Before the capping, the audience of parents, children, other family and friends heard from a number of speakers presented by Amos Carty Jr., Schneider chief operating officer. He also recognized many attendees, including Health Commissioner Darlene Carty, Juan F. Luis Hospital chief executive Gregory Calliste and other lead Luis professionals. Adams is working with Luis Hospital to get a St. Croix practical nursing program started.
The evening's recurring theme was gratitude for Adams' longtime dream. She loves nursing, and the practical nurse, she said in an earlier interview, is "the bedside nurse." (See "15-Month LPN Program Is Under Way at Hospital".) She described the many years, plans, obstacles and progress between the dream and the start of classes. Early in the evening, she recognized several retired LPNs and told the students, "You new people are standing on the shoulders of those." Later she presented bouquets to three retirees.
Adams told the students the program is testing them to see how far they might go. She hopes some will go on to college.
The next practical nursing class — due to start in April 2005, right after the present class graduates in March — will be required to pass University of the Virgin Islands math and English skills courses, she noted.
Adams enumerated many persons who had been part of the progress — from Darryl Smalls, hospital engineering and maintenance director, to Rodney S. Miller Sr., chief executive officer. She said that Miller was "always by my side" in overcoming obstacles. She especially mentioned professor Ophelia Torres, who designed the curriculum.
She also thanked the two senators present — Douglas R. Canton Jr., who chairs the Legislature's Health, Hospitals and Human Services Committee, and Adlah "Foncie" Donastorg, Finance Committee chair — for their "full cooperation" from the start. Donastorg later kiddingly wondered if Adams had used hypnosis.
Program director and lead instructor Yulanda Faison spoke next. Fiddling with the mike, she mouthed "Whew!" It wasn't clear whether that was a comment on her nervousness or her sense of accomplishment.
The students in this pilot class, Faison said proudly, "are the learning curve." She introduced the teaching staff: Celestine Belsejet, charge nurse in Labor and Delivery; Susannah Brin, former chief pharmacist; Lillia King, laboratory head; and Evelyn McLaughlin, retired director of nursing at Schneider and, formerly, nursing director at Knud Hansen Hospital and interim Schneider Hospital CEO.

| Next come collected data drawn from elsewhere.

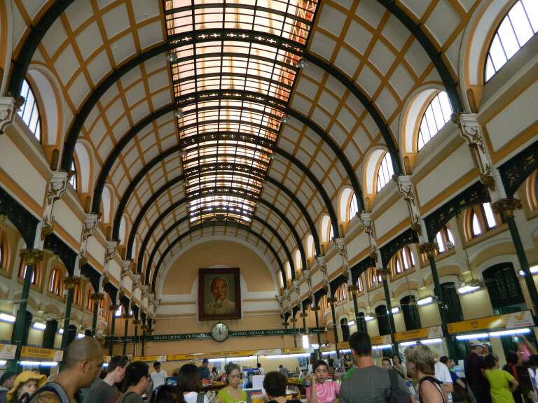 西贡邮局与红教堂一路之隔,这个老邮局建于十九世纪末,至今还在使用,并允许人们在里面尽情拍照,也可以坐在那里发呆或观赏大厅里的一切。很多旅游者在此都会买几张明信片寄给家人或朋友做为纪念。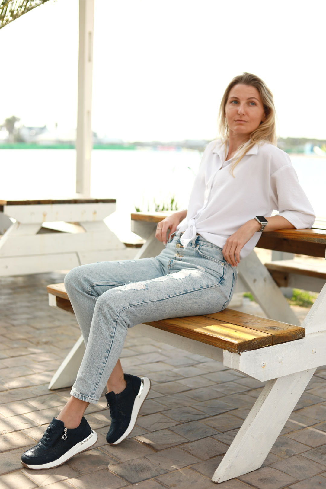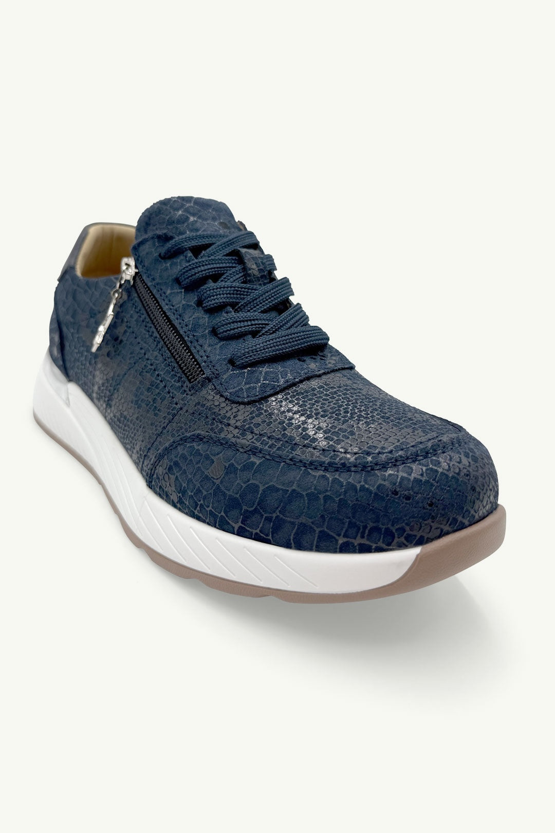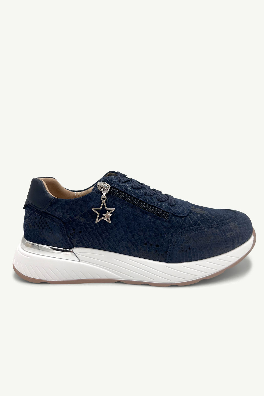 Chunky sneaker meets city glam in this navy number that turns heads without trying too hard. With its luxe snake-embossed finish, metallic charm detail, and pop of silver on the heel, the Nina is where comfort meets cool.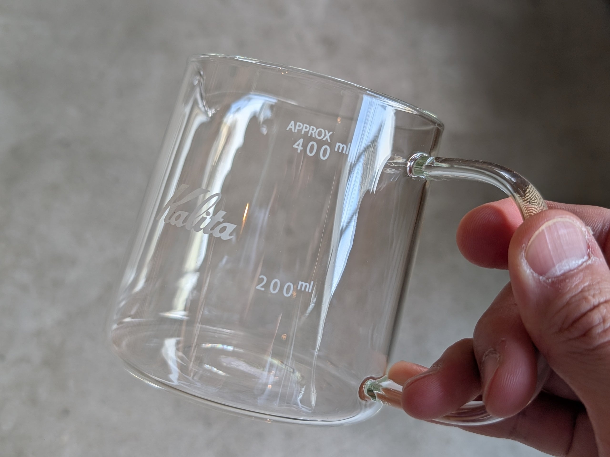 200㎖/400㎖の目盛りがついているので、1〜2杯のコーヒーを淹れるときに最適なサイズてす。

Recalling Harriet Tubman as the "Black Moses," Faison said Adams should be designated "the female Moses."
Words of wisdom came from several with the credentials to offer them:
– Winifred Garfield, registered nurse, task force member and head of the Board of Nurse Licensure, told the students, "Young ladies and Mr. Gentleman, wear your caps with pride." Her remark included Patrick Robinson, the lone male in the class.
– Miller said, "Stay away from dreamkillers and naysayers."

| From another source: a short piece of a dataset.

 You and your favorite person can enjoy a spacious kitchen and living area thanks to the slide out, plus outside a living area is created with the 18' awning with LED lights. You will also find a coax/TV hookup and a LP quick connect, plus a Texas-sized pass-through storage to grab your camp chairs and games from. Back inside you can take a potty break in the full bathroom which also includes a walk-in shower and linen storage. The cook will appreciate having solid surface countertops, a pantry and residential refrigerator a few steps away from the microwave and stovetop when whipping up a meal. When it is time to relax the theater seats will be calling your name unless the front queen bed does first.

He also had praise for Adams, noting, "We are alike; we like to get the job done, and that, I think, is why we work so well together." Also singling out Robinson (and receiving the most applause of the evening), he said the community must encourage its young men to seek work in health-care professions.
– Dr. Alfred O. Heath, observing that success comes from "the educated life," told the students that ahead of them lie "successive valleys of unsettling problems requiring perseverance and persistence." The final suggestion from this medical professional and community Renaissance man: "Learn the value of time" and how to manage it.

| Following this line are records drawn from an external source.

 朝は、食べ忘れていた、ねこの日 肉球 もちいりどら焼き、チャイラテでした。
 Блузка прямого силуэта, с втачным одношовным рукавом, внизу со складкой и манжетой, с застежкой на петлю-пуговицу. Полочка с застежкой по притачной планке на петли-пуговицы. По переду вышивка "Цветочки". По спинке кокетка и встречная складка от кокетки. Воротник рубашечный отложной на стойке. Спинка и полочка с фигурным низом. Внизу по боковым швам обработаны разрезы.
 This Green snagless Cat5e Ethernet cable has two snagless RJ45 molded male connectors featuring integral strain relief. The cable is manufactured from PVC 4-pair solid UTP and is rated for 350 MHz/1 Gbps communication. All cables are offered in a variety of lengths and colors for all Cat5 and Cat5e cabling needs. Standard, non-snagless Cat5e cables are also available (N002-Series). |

Class president Beverly Berry promised, "We'll come before you nine months from now not just nurses but respectable, very well-educated and topnotch nurses."
Participants and, in parentheses, their mentors were: Sophia Allen (Norma Robinson), Beverly Berry (Winifred Garfield), Kris Callwood (Margaret Colbourne), Tahima Colborne (Margaret Colborne), Morven Evelyn (Petronella Evelyn), Joanne Hanley-Smith (Verna Petersen), Annette James (Genevieve Donovan), Eyshtar Mollah (Carl Sam), Patrick Robinson (June A. Adams), Linda C. Smith (Meslyn Baron), Martina Tavanier (June A. Adams), Agnes Thomas (Gloria Carter) and Adrianna Watley (Noreen Fletcher).